> Input data:
Segment Open

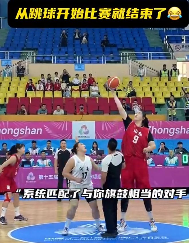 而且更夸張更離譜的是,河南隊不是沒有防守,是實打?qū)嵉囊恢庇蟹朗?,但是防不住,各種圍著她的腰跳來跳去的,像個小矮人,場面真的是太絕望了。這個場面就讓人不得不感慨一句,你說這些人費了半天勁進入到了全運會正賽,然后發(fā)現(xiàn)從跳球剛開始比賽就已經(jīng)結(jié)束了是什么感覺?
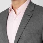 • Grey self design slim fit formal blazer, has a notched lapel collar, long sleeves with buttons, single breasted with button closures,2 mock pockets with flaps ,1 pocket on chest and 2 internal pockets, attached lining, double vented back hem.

Segment Closed
Segment Open

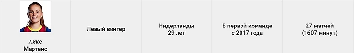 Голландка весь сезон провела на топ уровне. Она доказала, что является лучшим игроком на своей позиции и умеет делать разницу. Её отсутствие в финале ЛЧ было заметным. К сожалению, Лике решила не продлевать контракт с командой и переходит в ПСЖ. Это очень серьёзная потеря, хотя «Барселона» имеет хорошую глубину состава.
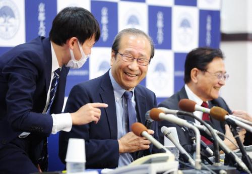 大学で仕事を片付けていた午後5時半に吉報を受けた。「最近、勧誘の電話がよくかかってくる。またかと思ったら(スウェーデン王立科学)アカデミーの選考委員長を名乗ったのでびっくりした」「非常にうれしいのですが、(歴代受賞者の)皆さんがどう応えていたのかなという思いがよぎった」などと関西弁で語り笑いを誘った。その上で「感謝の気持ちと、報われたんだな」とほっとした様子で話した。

Segment Closed

> Task requirements: Reproduce the records above exactly, but only from the line with "Голландка весь сезон" up to and including the line with "大学で仕事を片付けていた午後". Leave the pictures out.

> Result below:
 Голландка весь сезон провела на топ уровне. Она доказала, что является лучшим игроком на своей позиции и умеет делать разницу. Её отсутствие в финале ЛЧ было заметным. К сожалению, Лике решила не продлевать контракт с командой и переходит в ПСЖ. Это очень серьёзная потеря, хотя «Барселона» имеет хорошую глубину состава.
 大学で仕事を片付けていた午後5時半に吉報を受けた。「最近、勧誘の電話がよくかかってくる。またかと思ったら(スウェーデン王立科学)アカデミーの選考委員長を名乗ったのでびっくりした」「非常にうれしいのですが、(歴代受賞者の)皆さんがどう応えていたのかなという思いがよぎった」などと関西弁で語り笑いを誘った。その上で「感謝の気持ちと、報われたんだな」とほっとした様子で話した。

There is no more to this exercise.